He says PLAYGROUND XYZ works with the three core parties in any mobile ad – the user, the agency and the publisher – and declares “we decided to innovate because someone had to do it”.

Hall agrees that a lot of creative agencies simply aren’t keeping up with the the latest mobile tech on offer but adds: “I think tech just changes so fast the these days that that’s more the problem.”

He says: “I don’t blame the creative agencies for being unenthused about what you can do on mobile currently. Their gripe is they’re forced to work with these tiny little rigid boxes but if you give them the right tools, the right canvases they do get excited.

“Mobile (from a creative’s perspective) comes with a lot of limitations, it’s always been this horribly rigid box for them to operate within, but tech’s changing that, we’re offering new ad formats outside the old boxes they’re used to.

“The fact is that mobile’s going through the batshit crazy scale; it’s all about mobile, mobile’s the future and the only question left to ask is why have the ad dollars not followed consumers?

“Sure, the agencies drive the agenda of how ad dollars are spent and across what channels. We’re never going to tell them to shift money from TV to mobile. But I still think there’s a huge dollar disconnect between the amount of time people spend on their mobiles and the ad dollars, it’s still nowhere where it needs to be. If you take a look at the time people look at, say, a bus ad, a magazine ad and a mobile ad, then the dollar figures are way off,” Hall says.

Another problem, Hall argues, is that consumers are reticent about ads taking over their smartphone screens (take our aversion to pop-ups, as an example). He says we’re fine with it on, say, TV, where “we’re so conditioned to have two-minutes of telly for every minute of ads we watch that no one questions it anymore, no one even questions the interruption. But you do that with mobile and everybody’s freaking out.

“TV’s all sight, sound and movement, that’s what it’s got going for it; but the secret to mobile is to build the ads around the way people are using the device and that means shorter, sharper ads, not asking the user to do things that they’re not reasonably going to do,” he says.

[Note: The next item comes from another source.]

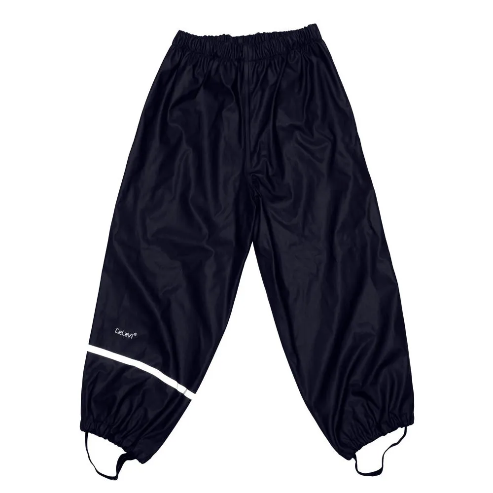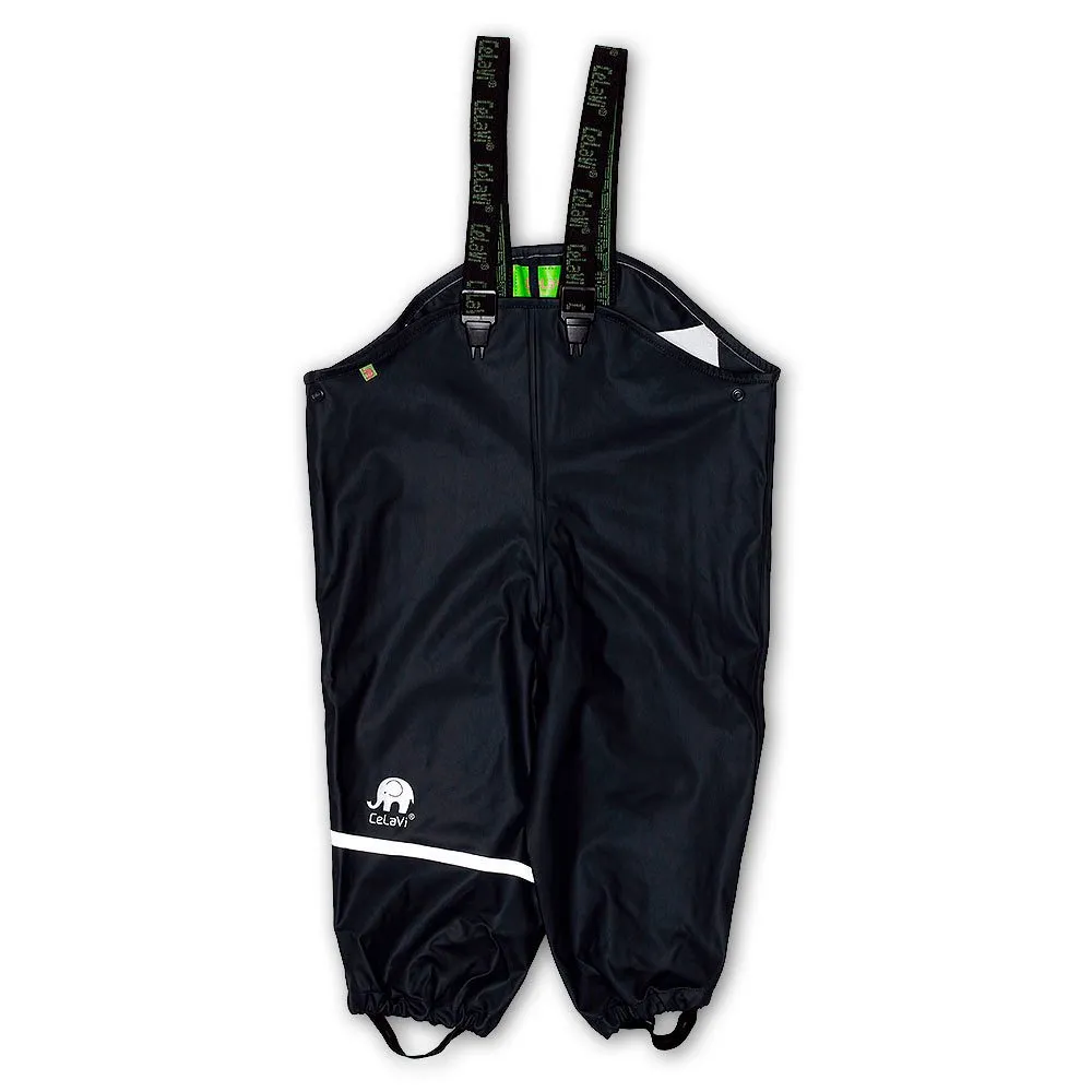 В размерах 110-150, хотя в некоторых цветах до 170, дождевые штаны имеют эластичные подтяжки. Пояс (размер 110-140) и только логотип Celavi на груди и штанине.

Mobile ads can also go the other way and be too clever for their own good. Hall says he recently saw an ad out of the US that turned the user’s voice into Mr T when they spoke into their phones. “Who in the right mind is going to be sitting on the bus doing that?” Hall asks. “The context about how we think about ads on mobile needs to be about how they use their phone: you get in, you get out, you’re very objective. On your desktop you’ve got five different tabs open but on mobile it’s a far more linear experience, it’s not such a concurrent experience.”

Hall agrees that mobile’s rise won’t be to the detriment of every other medium, but, he believes it will be the screen we all go to first.

“Yes, it’s about the actual devices and increasingly we’re blurring the lines of what’s a computer and what’s a phone.

“We’re increasingly seeing the interaction between mobile devices and the Internet Of Things and smart devices.

“As your smartphone becomes your go-to screen the natural evolution will simply be peripheral devices that support your smartphone and that’s the challenge for agencies playing in this space, understanding and keeping up with that,” he says.